# Illinois Terminal 1604



## Trackjockey05 (Jun 30, 2020)

Took a pit stop at Litchfield Illinois and found this gem hiding in an industrial park, looks like it hasn’t moved in awhile 
















Nice unexpected find


----------



## AmFlyer (Mar 16, 2012)

Thanks for posting all the pictures from your trip. It has been enjoyable to see them. The ITS engine must have run recently because the tops of the rails are polished. A coworker of mine worked at the GE plant in Erie Pa. many years ago. When executives from HQ were scheduled to visit the plant engine operators were sent out to "polish the rails" by running engines back and forth over the tracks. Within two weeks the rails would be rusted again.


----------



## Trackjockey05 (Jun 30, 2020)

Slight correction, it’s actually Illini Terminal, figured I better note that before someone decided to correct me


----------



## Trackjockey05 (Jun 30, 2020)

AmFlyer said:


> Thanks for posting all the pictures from your trip. It has been enjoyable to see them. The ITS engine must have run recently because the tops of the rails are polished. A coworker of mine worked at the GE plant in Erie Pa. many years ago. When executives from HQ were scheduled to visit the plant engine operators were sent out to "polish the rails" by running engines back and forth over the tracks.

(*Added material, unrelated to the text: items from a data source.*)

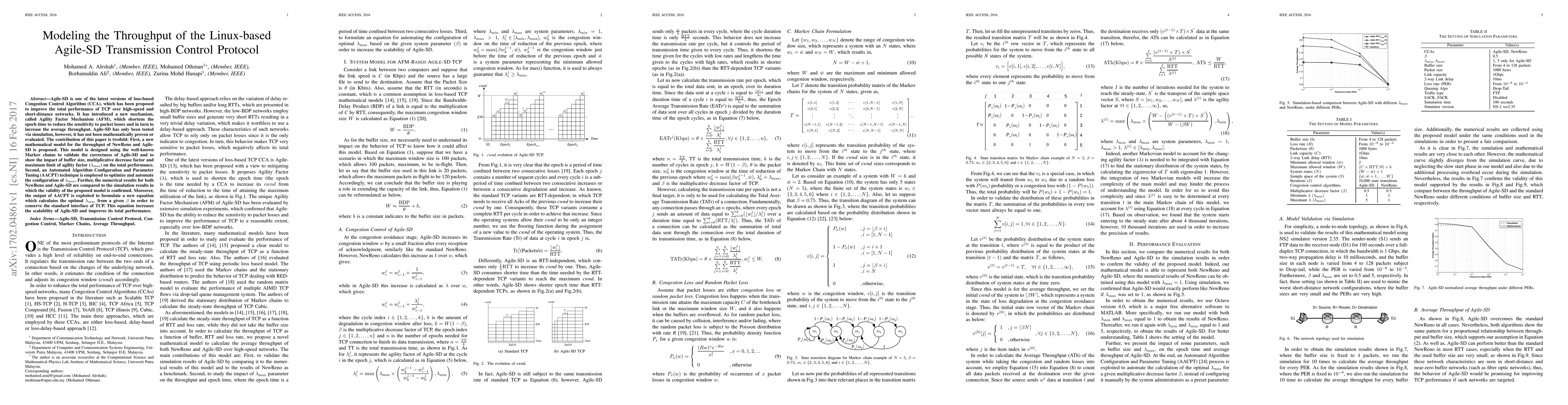 Agile-SD is one of the latest versions of loss-based congestion control algorithm (CCA), which has been proposed to improve the total performance of transmission control protocol (TCP) over high-speed and short-distance networks. It has introduced a new mechanism, called agility factor mechanism, which shortens the epoch time to reduce the sensitivity to packet losses and in turn to increase the average throughput. Agile-SD has only been tested via simulation; however, it has not been mathematically proven or evaluated. The contribution of this paper is twofold. First, a new mathematical model for the throughput of NewReno and Agile-SD is proposed. This model is designed using the well-known Markov chains to validate the correctness of Agile-SD and to show the impact of buffer size, multiplicative decrease factor, and maximum limit of agility factor ({\lambda}max ) on the total performance. Second, an automated algorithm configuration and parameter tuning (AACPT) technique is employed to optimize and automate the configuration of {\lambda}max . Furthermore, the numerical results for both NewReno and Agile-SD are compared with the simulation results, in which the validity of the proposed model is confirmed. Moreover, the output of the AACPT is exploited to formulate a new equation, which calculates the optimal {\lambda}max from a given \b{eta} in order to conserve the standard interface of the TCP. This equation increases the scalability of Agile-SD and improves its total performance.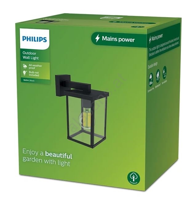 Philips - Outdoor-Wandleuchte BELLINI 1xE27/25W/230V IP44 zeichnet sich durch schönes und funktionales Design aus. Eine Glühbirne mit E27 Sockel ist für die Leuchte geeignet. Hier, können Sie andere Glühlampen zu vorteilhaften Preisen kaufen. Sie erhalten eine attraktive Ergänzung für Ihr Zuhause.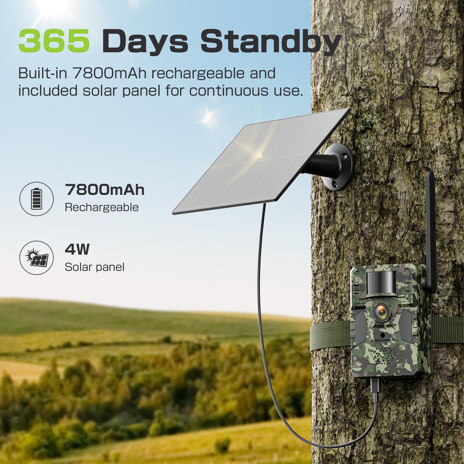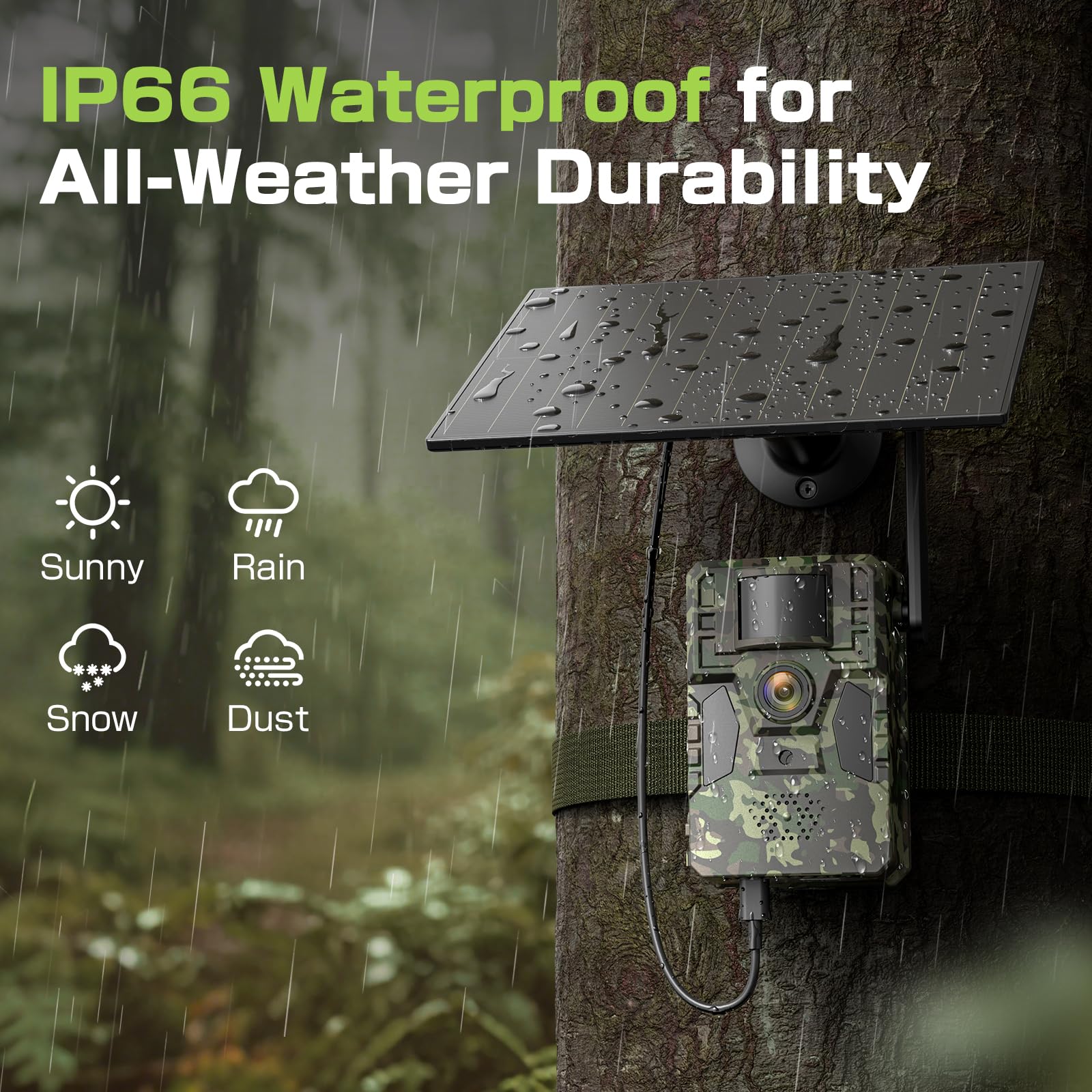 【Sustainable Power and IP66 Rugged Durability】The solar trail camera includes a 4W solar panel and a 7800mAh rechargeable, forming a dual power supply system offers a long-lasting power solution. IP66 Waterproof trail cameras built to withstand rain, dust, and extreme weather, the trail camera is reliable year-round, perfect for forests, farms, and outdoor surveillance.
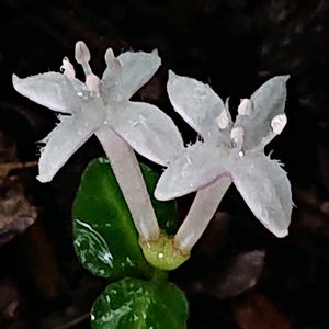 ツルアリドオシ(蔓蟻通し) アカネ科 ツルアリドオシ属 名前の由来 葉や花がアリドオシに似ている アリドオシの名前の由来 木にあるトゲが蟻🐜まで刺し通すという事から アリドオシは常緑小低木で、ツルアリドウシは常緑多年草 花期6〜7月で、地面を這い長さ10〜30cm、北海道から九州の山地の林内に生える 1️⃣花冠の長さは1.5cm、漏斗形の白から薄ピンク色で、先端が4裂 花の大きさは1cm 雌蕊は1個で先が4裂し、雄蕊は4個 異形花柱性(いけいかちゅうせい)の花で、雌花の長い長花柱花と、雌花の短い短花柱花がある これは自家受粉を避ける為だとされる こちらは雄蕊が長いので短花柱花だと思います 内側に毛がある 2️⃣花は茎の先から2個咲き、果実は2個の子房が合着し、一つの果実になる 萼の跡が二つある豚の鼻🐽のような赤い果実になるようです 3️⃣長花柱花だと思います 雌蕊が長く突き出ています 2個ペアーの花になり、子房が2個くっ付くというとこは種が一つの果実に多く入るので、鳥さんにより多くの種を運んでもらう戦略でしょうか? ちなみに同じように2個〜1個咲くアリドオシの実は合着せずに2個できるそうです
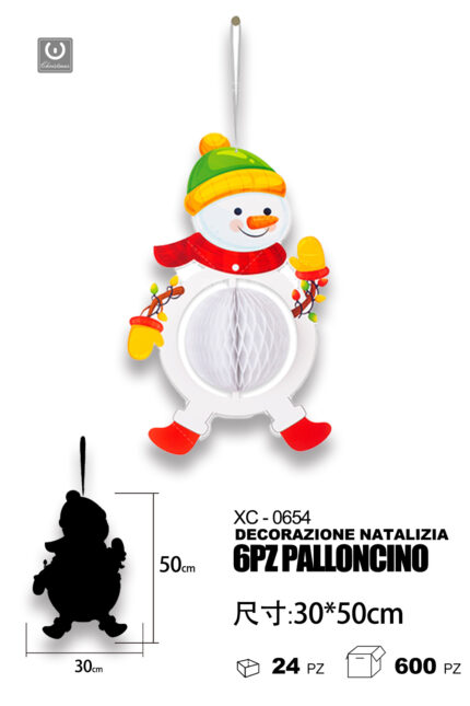 Set da 6 palloncini natalizi a forma pupazzo di neve ideale per addobbi dimensione 30x50cm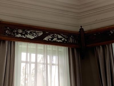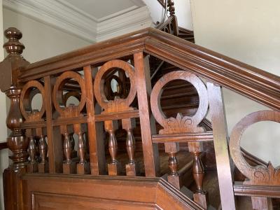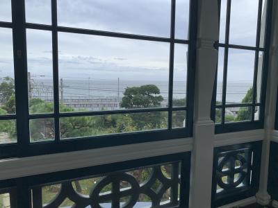 欄間のような模様にも洋や和のテーストがあり綺麗でした。階段の装飾もデザインも凝っていました。二階のバルコニーからは海も見渡せる景色が広がっています。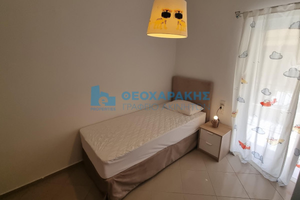 Koroni Magara. 3 bedroom apartment on the 1st floor, 100 sq m, plus l underground storage and closed parking. Please, have a look at the video to get a more complete picture of the property https://youtu.be/Mz8VkdKMcEk This is a twenty-year-old construction but in excellent condition, with renovated wc, bathroom, and modern features. The apartment building has a huge common area for children, fenced & protected. Property code: 5668.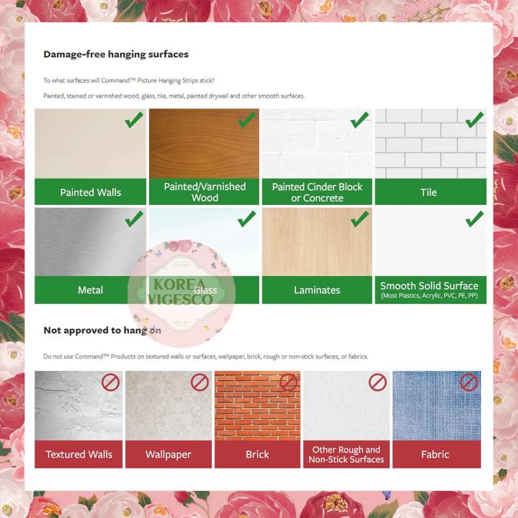 3M Command Picture Hanging Strips / No Surface Damage / Velcro Hanging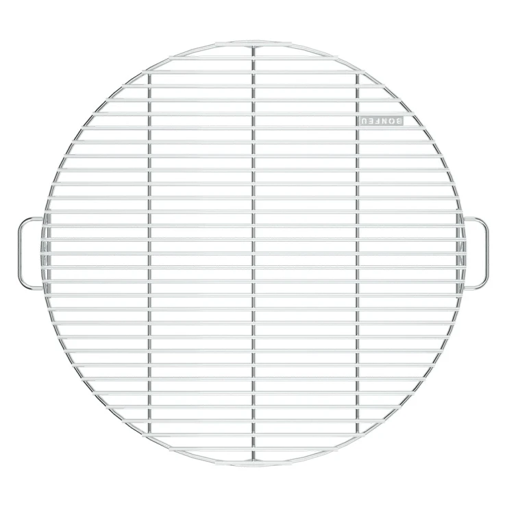 Det robusta BonFeu BonGrill 80 är ett fullt runt grillgaller i stål, särskilt anpassat för BonBowl och BonBowl Plus Ø80 cm. Med sin diameter på Ø82 cm förvandlar det eldstaden till en funktionell grillstation. Gallret placeras enkelt på eldstadens kant och hålls stadigt på plats med hjälp av stabiliserande sidopinor. Den öppna designen ger optimal värmeöverföring och luftcirkulation, vilket ger perfekta grillresultat för kött, fisk eller grönsaker. De två integrerade handtagen gör det enkelt att lyfta, placera och rengöra även när det är varmt.
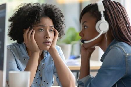 Empathetic customer service representative showing compassion towards a frustrated customer --ar 3:2 Job ID: a790457c-7813-419e-ac3f-5d8e0d1a8495

Within two weeks the rails would be rusted again.


That’s actually the sun glare, rails were pretty brown, the locomotive was in nice condition, I’m assuming their traffic is sporadic


----------



## Trackjockey05 (Jun 30, 2020)

I found this








apparently they’ve been idle for quite some time, the locomotive doesn’t look like it’s been sitting that long


----------